|An aerial photo of our Bloemfontein Campus.
At the beginning of the previous century, a decades-long dream of an institution of higher education in the Free State (then called the Orange River Colony), one of the provinces in South Africa, became a reality with the establishment of the Grey College School with only six (B.A.) students on 28 January 1904.
The first two students graduated in 1905 and a year later the institution became known as the Grey University College (GUC). Shortly thereafter, the school and college parted ways. By 1907 the number of students had grown to 29 and the lecturers to ten. In 1910 the Parliament of the Orange River Colony passed legislation declaring the GUC an official educational institution in Arts and Sciences.
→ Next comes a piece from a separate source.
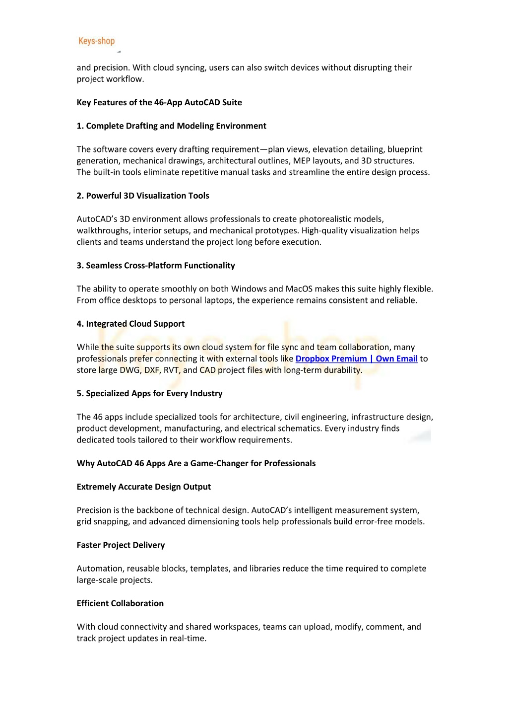 and precision. With cloud syncing, users can also switch devices without disrupting their project workflow. Key Features of the 46-App AutoCAD Suite 1. Complete Drafting and Modeling Environment The software covers every drafting requirement—plan views, elevation detailing, blueprint generation, mechanical drawings, architectural outlines, MEP layouts, and 3D structures. The built-in tools eliminate repetitive manual tasks and streamline the entire design process. 2. Powerful 3D Visualization Tools AutoCAD’s 3D environment allows professionals to create photorealistic models, walkthroughs, interior setups, and mechanical prototypes. High-quality visualization helps clients and teams understand the project long before execution. 3. Seamless Cross-Platform Functionality The ability to operate smoothly on both Windows and MacOS makes this suite highly flexible. From office desktops to personal laptops, the experience remains consistent and reliable. 4. Integrated Cloud Support While the suite supports its own cloud system for file sync and team collaboration, many professionals prefer connecting it with external tools like Dropbox Premium | Own Email to store large DWG, DXF, RVT, and CAD project files with long-term durability. 5. Specialized Apps for Every Industry The 46 apps include specialized tools for architecture, civil engineering, infrastructure design, product development, manufacturing, and electrical schematics. Every industry finds dedicated tools tailored to their workflow requirements. Why AutoCAD 46 Apps Are a Game-Changer for Professionals Extremely Accurate Design Output Precision is the backbone of technical design. AutoCAD’s intelligent measurement system, grid snapping, and advanced dimensioning tools help professionals build error-free models. Faster Project Delivery Automation, reusable blocks, templates, and libraries reduce the time required to complete large-scale projects. Efficient Collaboration With cloud connectivity and shared workspaces, teams can upload, modify, comment, and track project updates in real-time.

In the beginning the main thrust at the GUC was towards English and lectures were mainly offered in English, but in the late 1940s Afrikaans became the official language of instruction at the university. In 1993 the UFS became a parallel-medium institution, offering lectures in both English and Afrikaans. In the 1940s, to cement ties with its home province, the name was changed to the University College of the Orange Free State. This was followed by another name change to the University of the Orange Free State (UOFS) on 18 March 1950 when the South African Parliament declared the university a fully fledged, independent university.
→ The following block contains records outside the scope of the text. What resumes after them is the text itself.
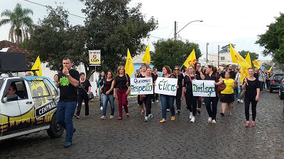 Santiago – A vereadora Iara Castiel (PT) não deixou o protesto da segurança passar quieto em Santiago. Deu de mão na sua cuia e foi pra rua festejar, digo, protestar com os servidores públicos sem salários. Assim ela publicou: “Manifestação do Funcionalismo Público em Santiago contra a política de desmonte e desrespeito do Governo Sartori.”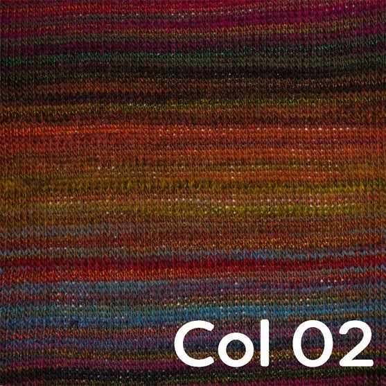 The South American wool used is both warm and soft. Therefore, Winter Glow is suitable for projects such as ponchos, jumpers and cardigans, beanies, mittens, and scarves…all with breathtaking colors to spice up any outfit. Otherwise, use it to create a unique blanket; a single skein goes a long way with its 700 meters.
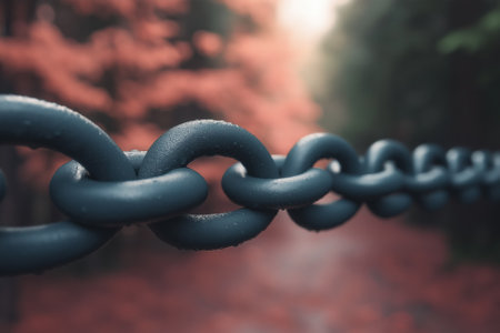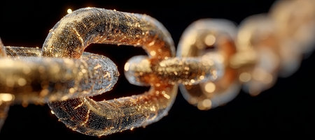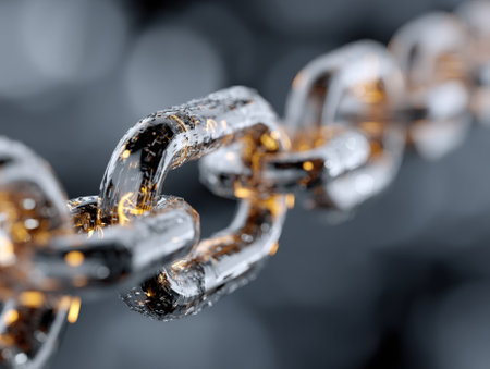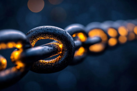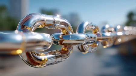 Metallic chain links with a glossy, reflective surface, glowing with warm light, suggesting digital or futuristic theme. Soft focus creates a bokeh effect in the background

Over the following decades this university became an institution of higher learning to be reckoned with, not only in South Africa, but also outside the country’s borders.
In February 2001, the university’s name changed again, this time to the University of the Free State (UFS). The new name was adopted to reflect the real character of the university and its environment.
Today, this proud institution is bursting at its seams with more than 30 000 students in seven faculties, namely Economic and Management Sciences, Education, Health Sciences, the Humanities, Law, Natural and Agricultural Sciences and Theology. These faculties offer a vast range of undergraduate and post-graduate courses to South African students, and also students from neighbouring and African countries, and more than fifty countries around the globe.
Our Faculties of Education, Law and Social Sciences were established in 1945, while the Faculty of Economic and Administrative Sciences came into being in 1954. The addition of the Faculty of Agriculture in 1958 was an important step to boost research and make a contribution to agriculture in the region. The Faculty of Medicine was established in 1969 and the Faculty of Theology in 1980. The Faculty of Education, which formed part of the Faculty of the Humanities, became a fully fledged faculty in 2009.
During the 1960s, 1970s and 1980s the university thrived with many residences and other buildings mushrooming on campus. This drive was repeated in the 2000s with the addition and upgrading of more buildings, such as the Centenary Complex, to celebrate the university’s hundred years of existence.
Our Qwaqwa Campus, formerly a campus of the University of the North, was incorporated into the university on 1 January 2003 as part of a higher-education restructuring process, and a year later it was followed with the incorporation of the Bloemfontein Campus of the former Vista University.
Meeting our Challenges
To realise the university’s vision to be an excellent, equitable and innovative university, we have adapted our academic courses and managerial structures, as well as student matters, sports, cultural and other activities, in order to function better within the framework of a democratic, diverse university community and to be responsive to market needs. Over the past few years the university has also promoted academic entrepreneurship to meet the challenges of modern-day higher education in South Africa, thus fulfilling its role as the only residential university in the Free State and central region.
We are an important centre for research and have close ties with a number of universities in Africa and elsewhere in the world. The UFS is consistently ranked among the top seven South African universities in terms of research performance.